▸ **WHAT IS EXPECTED**
The data below contains pictures, which are to be skipped; the lines starting at the line with "Wie ein Profi" and ending at the line with "All in all, the" are to be output exactly, both ends included.

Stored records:
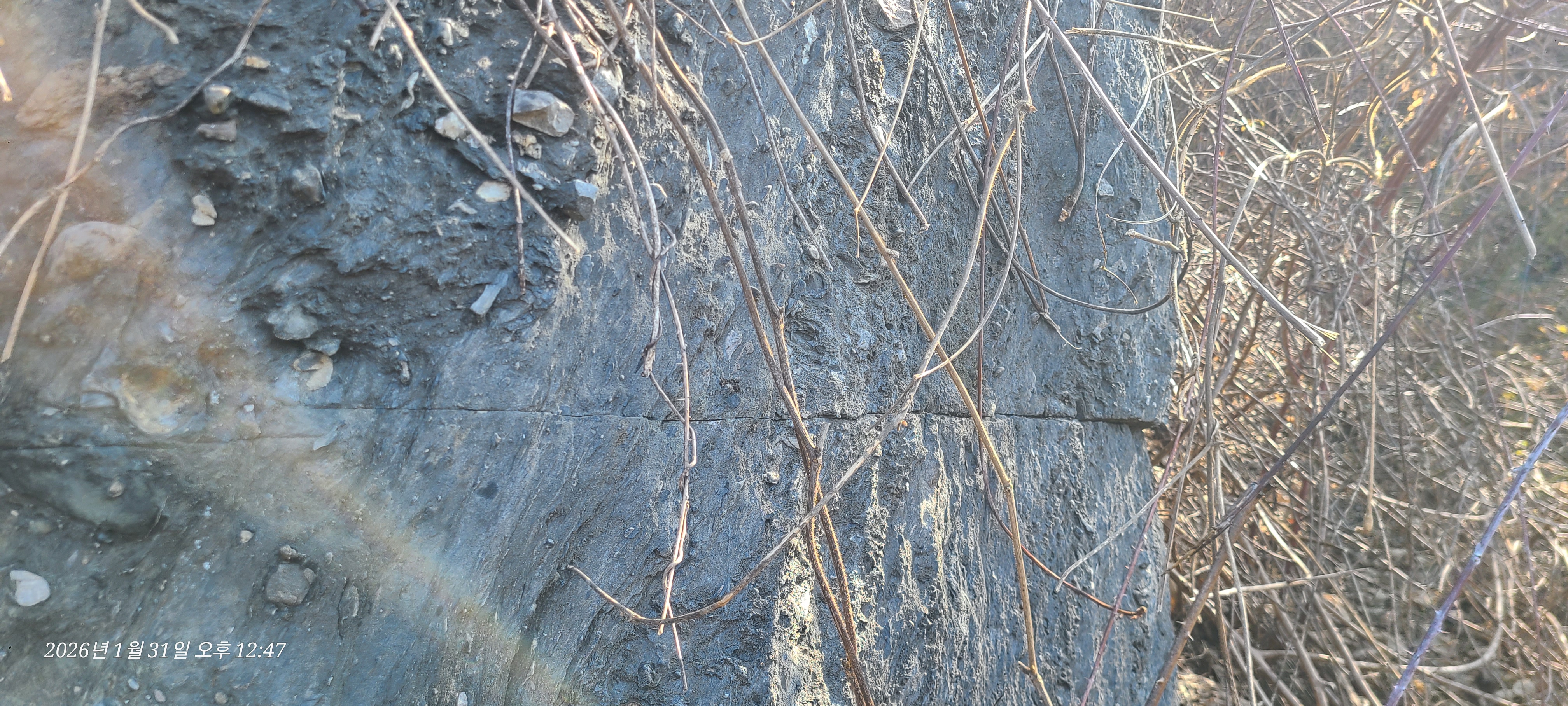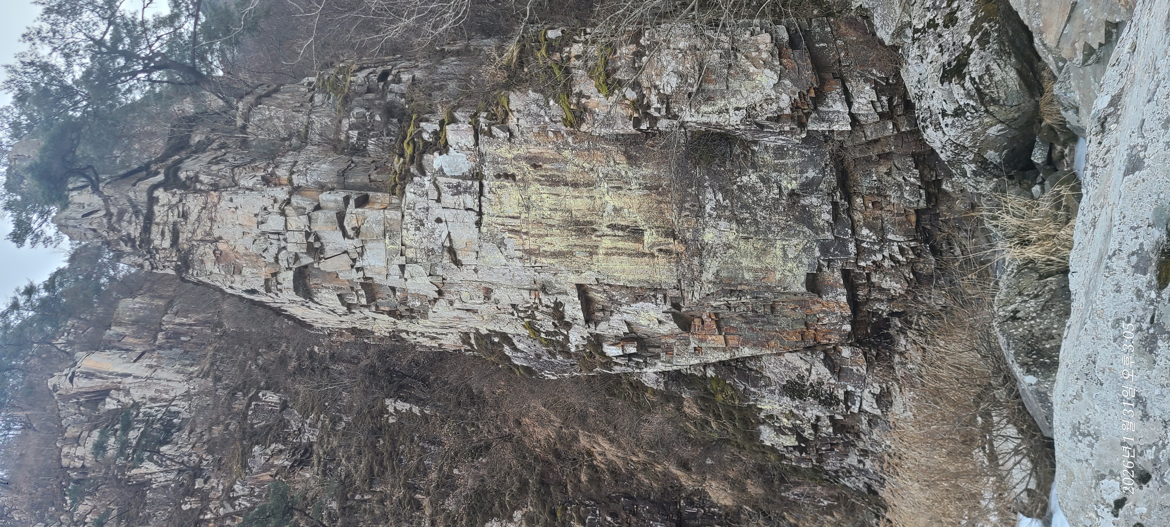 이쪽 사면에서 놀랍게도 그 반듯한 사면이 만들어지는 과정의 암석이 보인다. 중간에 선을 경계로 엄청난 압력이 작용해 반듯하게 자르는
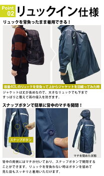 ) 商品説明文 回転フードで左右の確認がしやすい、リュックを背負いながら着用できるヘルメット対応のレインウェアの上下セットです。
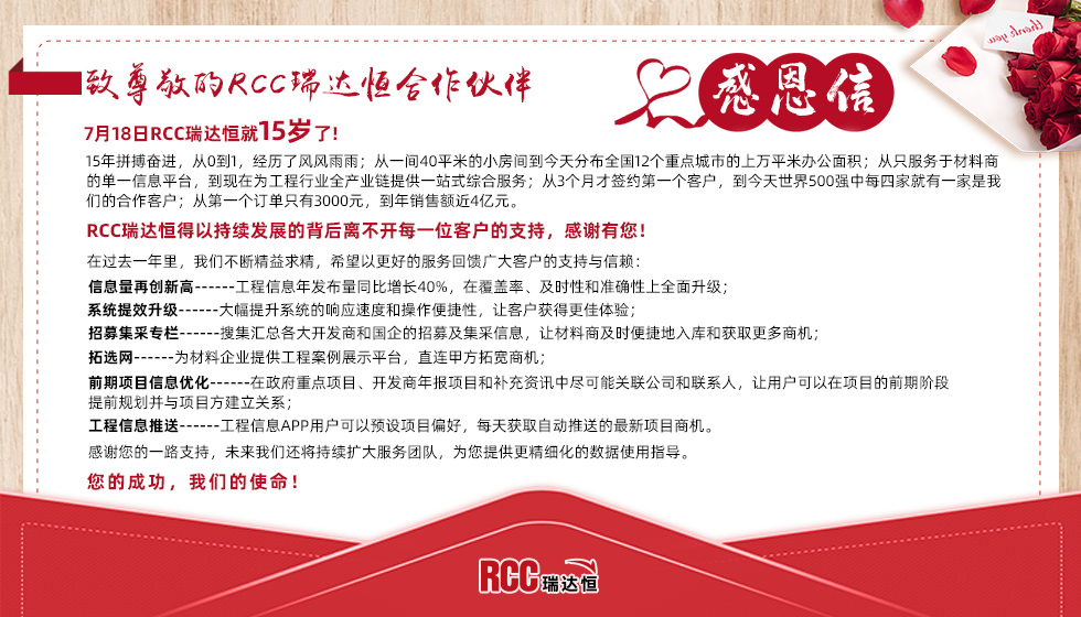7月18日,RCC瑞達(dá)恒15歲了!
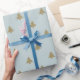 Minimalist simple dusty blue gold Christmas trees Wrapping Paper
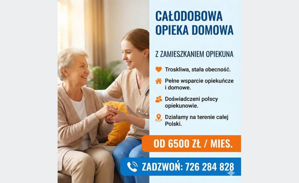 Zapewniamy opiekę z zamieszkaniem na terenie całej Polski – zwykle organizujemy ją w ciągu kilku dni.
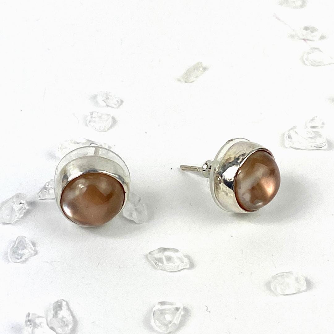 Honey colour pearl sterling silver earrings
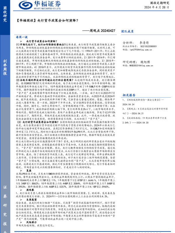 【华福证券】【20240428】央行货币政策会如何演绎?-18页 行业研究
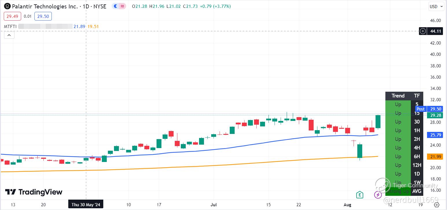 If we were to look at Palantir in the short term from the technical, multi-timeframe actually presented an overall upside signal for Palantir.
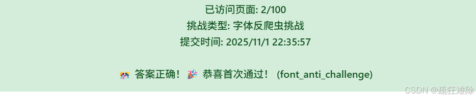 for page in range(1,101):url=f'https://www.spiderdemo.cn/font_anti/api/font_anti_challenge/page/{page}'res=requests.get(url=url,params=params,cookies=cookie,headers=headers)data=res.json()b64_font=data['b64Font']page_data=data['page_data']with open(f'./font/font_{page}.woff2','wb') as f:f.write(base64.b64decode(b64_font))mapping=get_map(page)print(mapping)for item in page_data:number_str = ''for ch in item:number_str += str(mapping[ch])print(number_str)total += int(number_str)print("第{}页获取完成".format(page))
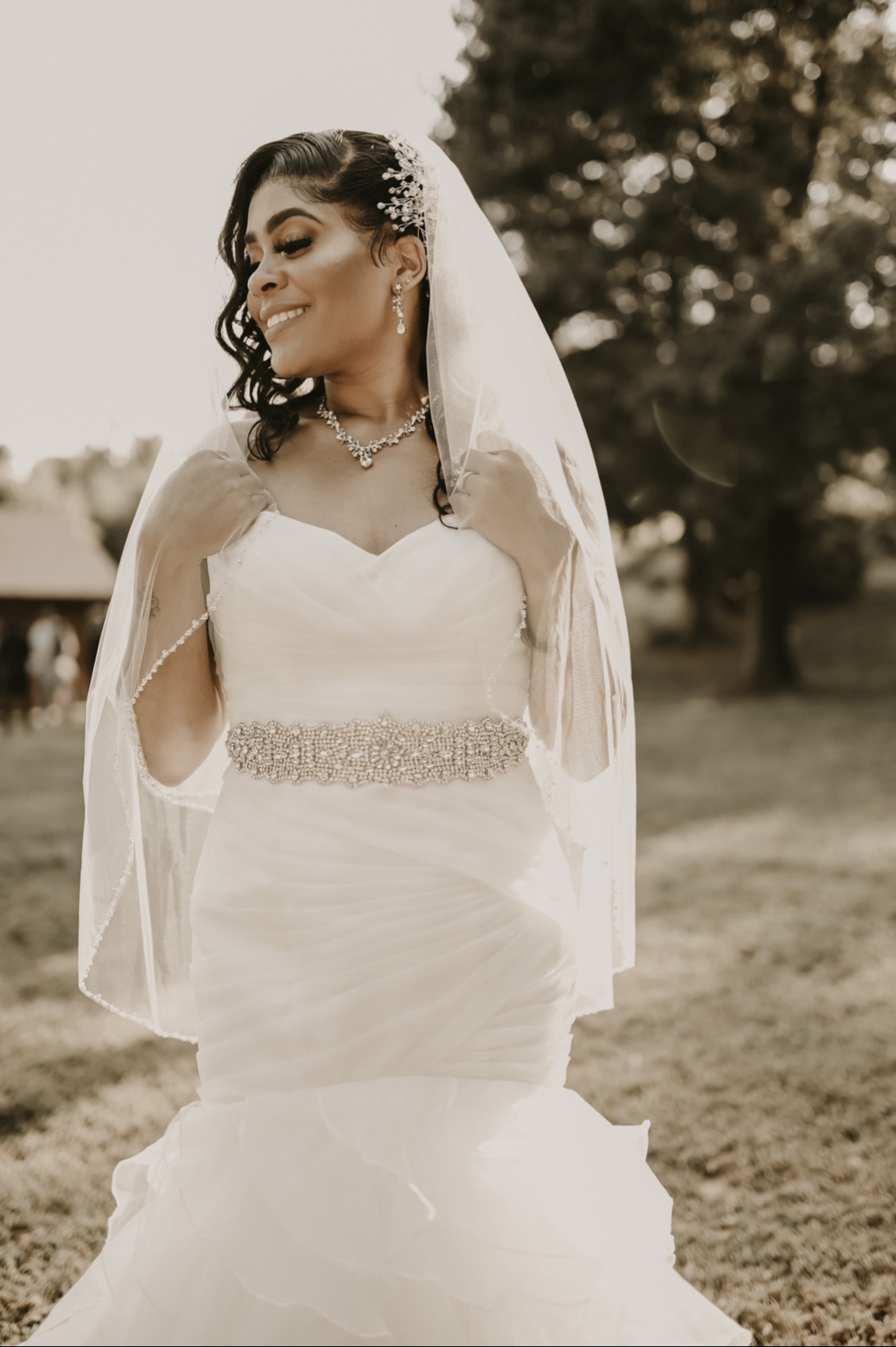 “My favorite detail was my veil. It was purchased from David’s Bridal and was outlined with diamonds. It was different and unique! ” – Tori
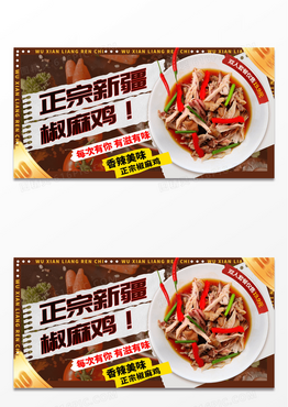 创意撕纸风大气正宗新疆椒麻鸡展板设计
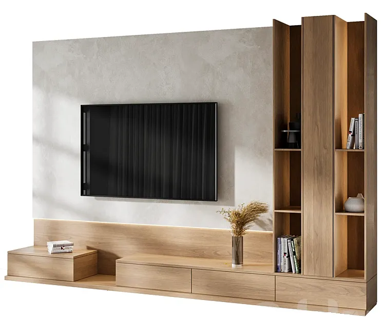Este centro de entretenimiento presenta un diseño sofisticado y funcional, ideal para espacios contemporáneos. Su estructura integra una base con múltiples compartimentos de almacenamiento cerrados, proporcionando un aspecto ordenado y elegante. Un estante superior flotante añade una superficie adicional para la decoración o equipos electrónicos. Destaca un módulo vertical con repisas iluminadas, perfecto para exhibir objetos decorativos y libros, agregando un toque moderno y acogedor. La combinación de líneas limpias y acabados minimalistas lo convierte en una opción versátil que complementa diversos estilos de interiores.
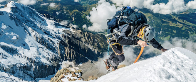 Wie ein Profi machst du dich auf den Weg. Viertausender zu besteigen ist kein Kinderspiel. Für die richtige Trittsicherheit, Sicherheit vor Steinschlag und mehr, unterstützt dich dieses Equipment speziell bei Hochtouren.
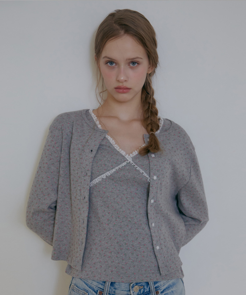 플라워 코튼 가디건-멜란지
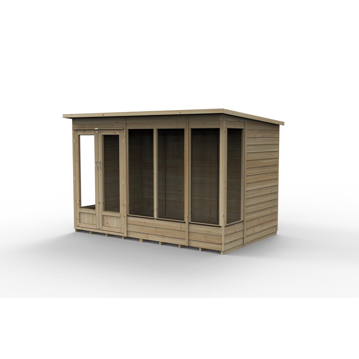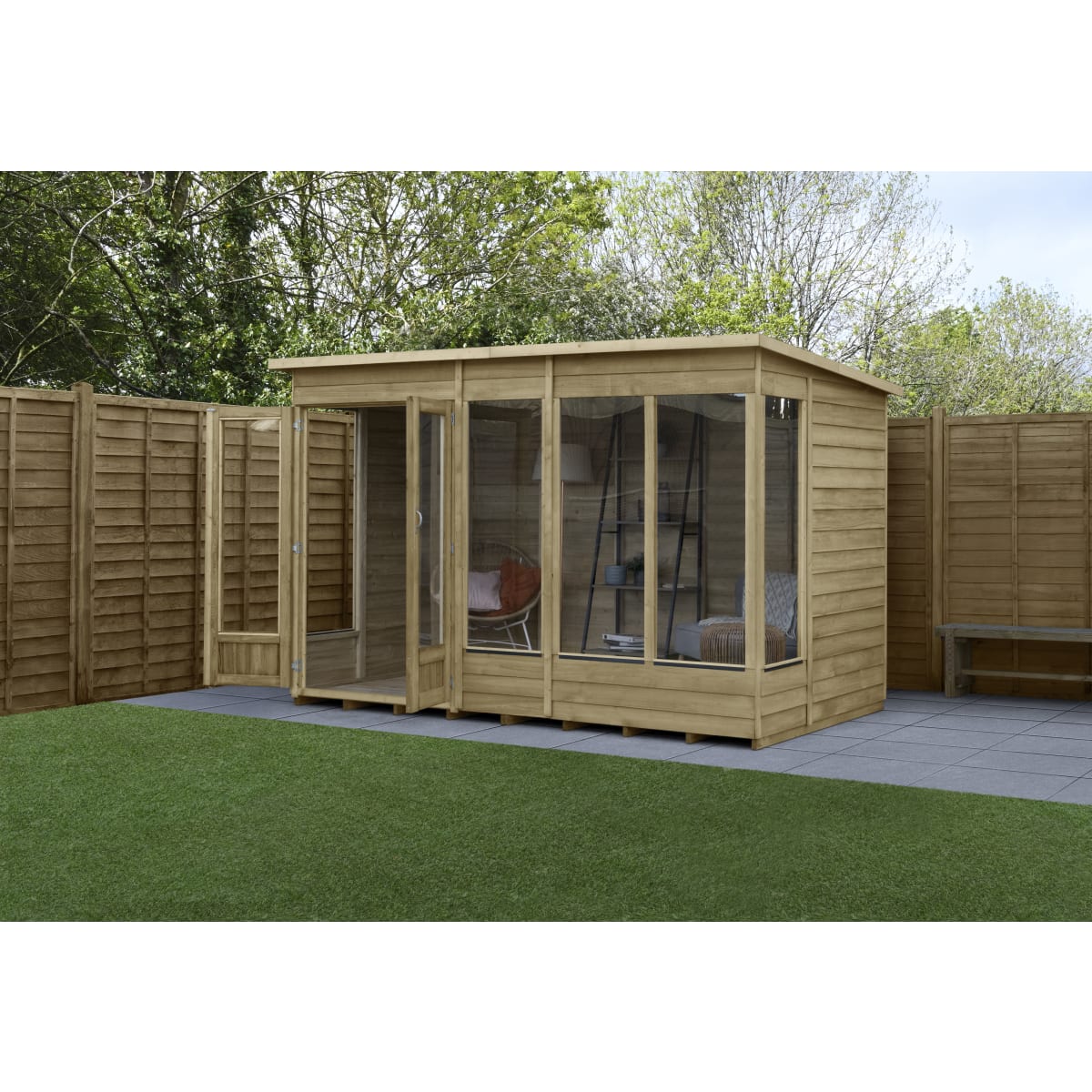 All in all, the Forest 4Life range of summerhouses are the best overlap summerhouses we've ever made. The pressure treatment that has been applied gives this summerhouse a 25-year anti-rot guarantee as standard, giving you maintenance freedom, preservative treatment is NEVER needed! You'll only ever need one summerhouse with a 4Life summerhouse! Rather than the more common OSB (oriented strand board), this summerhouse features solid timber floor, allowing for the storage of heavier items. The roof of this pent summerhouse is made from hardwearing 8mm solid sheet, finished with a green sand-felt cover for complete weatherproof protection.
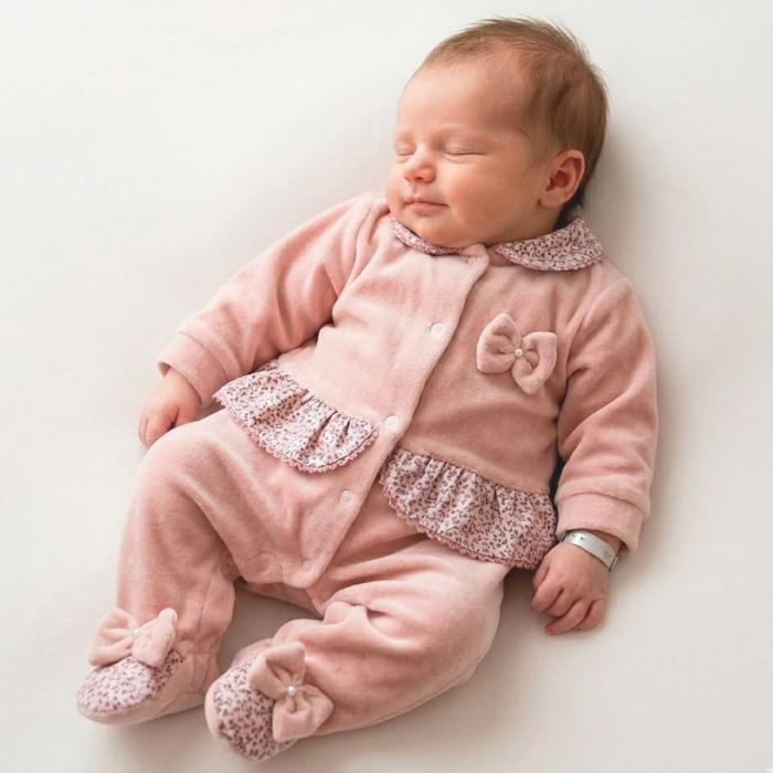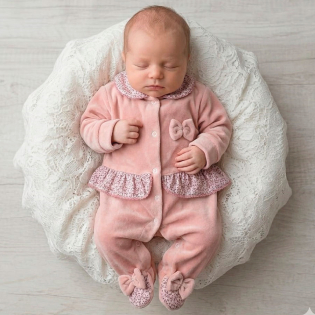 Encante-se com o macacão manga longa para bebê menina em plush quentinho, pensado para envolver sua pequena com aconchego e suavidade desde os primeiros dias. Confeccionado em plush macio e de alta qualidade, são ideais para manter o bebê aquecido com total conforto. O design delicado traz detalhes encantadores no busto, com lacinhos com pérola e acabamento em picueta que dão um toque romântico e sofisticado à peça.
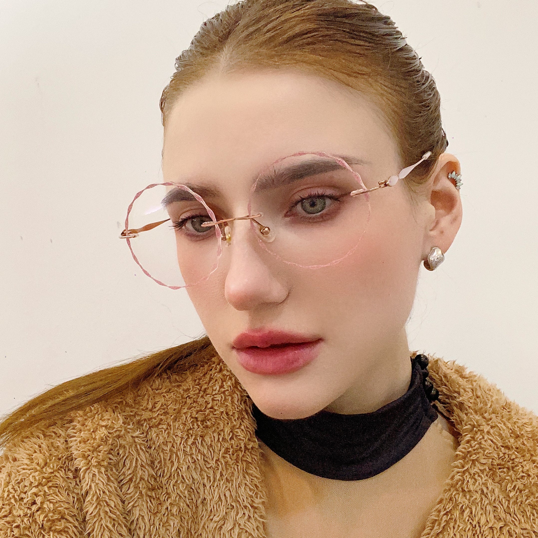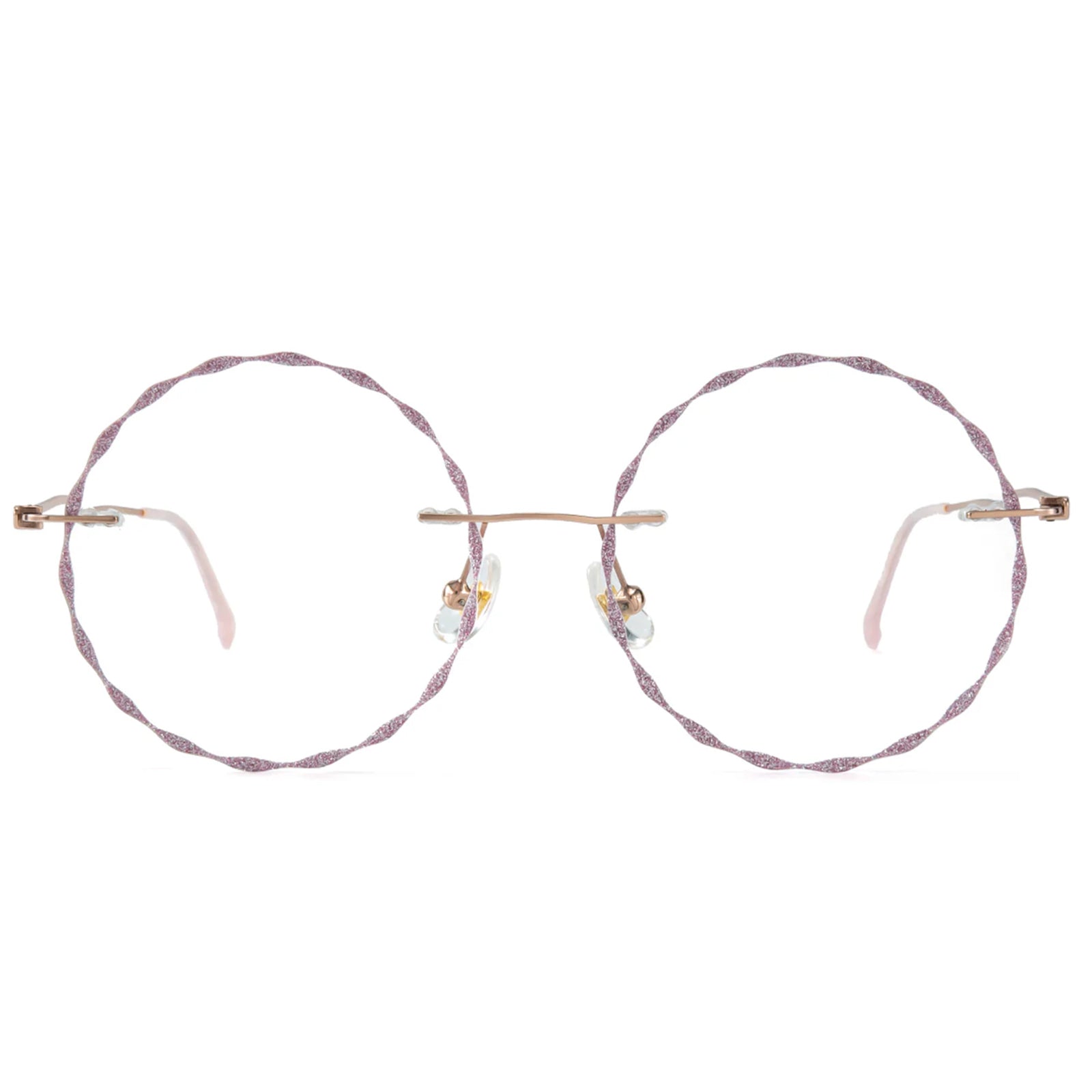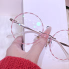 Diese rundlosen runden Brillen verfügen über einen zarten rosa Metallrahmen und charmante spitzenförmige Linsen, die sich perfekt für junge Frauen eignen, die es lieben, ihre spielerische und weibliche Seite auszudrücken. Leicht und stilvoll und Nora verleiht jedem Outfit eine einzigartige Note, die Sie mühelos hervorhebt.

▸ **RESULT OF THE EXERCISE**
 Wie ein Profi machst du dich auf den Weg. Viertausender zu besteigen ist kein Kinderspiel. Für die richtige Trittsicherheit, Sicherheit vor Steinschlag und mehr, unterstützt dich dieses Equipment speziell bei Hochtouren.
 플라워 코튼 가디건-멜란지
 All in all, the Forest 4Life range of summerhouses are the best overlap summerhouses we've ever made. The pressure treatment that has been applied gives this summerhouse a 25-year anti-rot guarantee as standard, giving you maintenance freedom, preservative treatment is NEVER needed! You'll only ever need one summerhouse with a 4Life summerhouse! Rather than the more common OSB (oriented strand board), this summerhouse features solid timber floor, allowing for the storage of heavier items. The roof of this pent summerhouse is made from hardwearing 8mm solid sheet, finished with a green sand-felt cover for complete weatherproof protection.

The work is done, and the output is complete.